- _Data for processing_

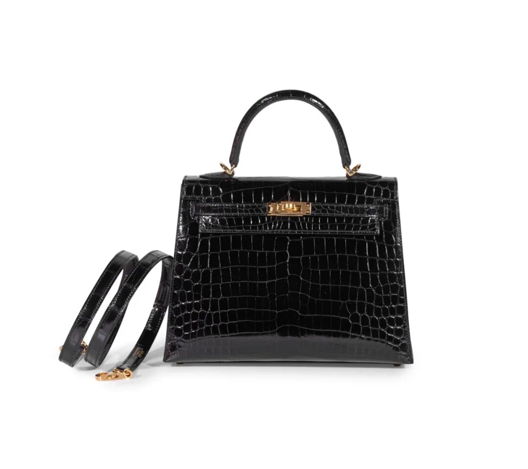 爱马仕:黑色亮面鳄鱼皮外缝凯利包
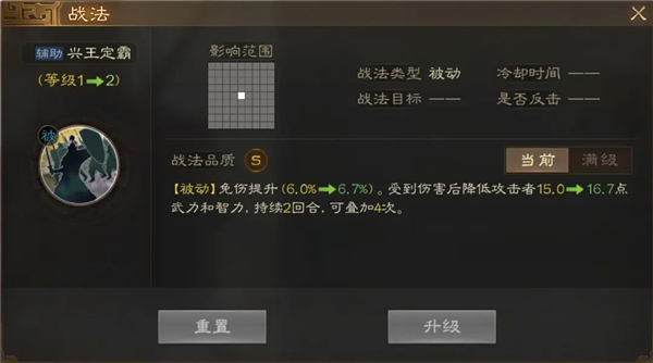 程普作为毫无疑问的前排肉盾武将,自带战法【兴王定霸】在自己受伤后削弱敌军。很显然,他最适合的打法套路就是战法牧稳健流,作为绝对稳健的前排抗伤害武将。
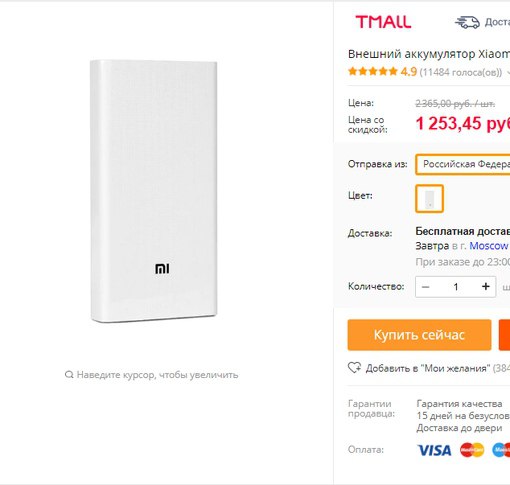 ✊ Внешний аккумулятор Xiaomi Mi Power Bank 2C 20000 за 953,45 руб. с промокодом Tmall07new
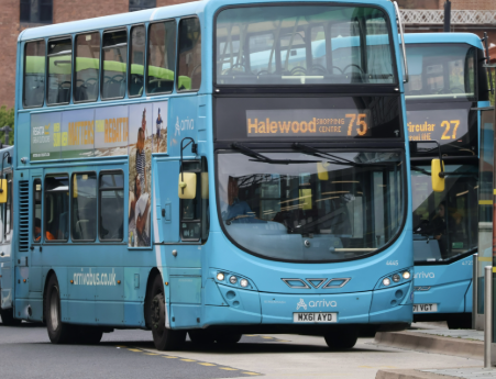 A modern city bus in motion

...

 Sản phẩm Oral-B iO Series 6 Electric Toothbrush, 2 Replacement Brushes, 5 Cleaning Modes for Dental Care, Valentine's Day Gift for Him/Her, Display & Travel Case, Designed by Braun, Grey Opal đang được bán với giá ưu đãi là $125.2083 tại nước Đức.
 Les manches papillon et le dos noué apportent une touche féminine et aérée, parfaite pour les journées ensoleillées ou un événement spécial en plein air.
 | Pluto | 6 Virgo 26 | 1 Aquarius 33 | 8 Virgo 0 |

- _What the task requires_
Taking the entries above, copy word for word the lines from the one with "爱马仕:黑色亮面鳄鱼皮外缝凯利包" up to and including the one with "A modern city bus in motion", without any picture.

- _Exercise result_
 爱马仕:黑色亮面鳄鱼皮外缝凯利包
 程普作为毫无疑问的前排肉盾武将,自带战法【兴王定霸】在自己受伤后削弱敌军。很显然,他最适合的打法套路就是战法牧稳健流,作为绝对稳健的前排抗伤害武将。
 ✊ Внешний аккумулятор Xiaomi Mi Power Bank 2C 20000 за 953,45 руб. с промокодом Tmall07new
 A modern city bus in motion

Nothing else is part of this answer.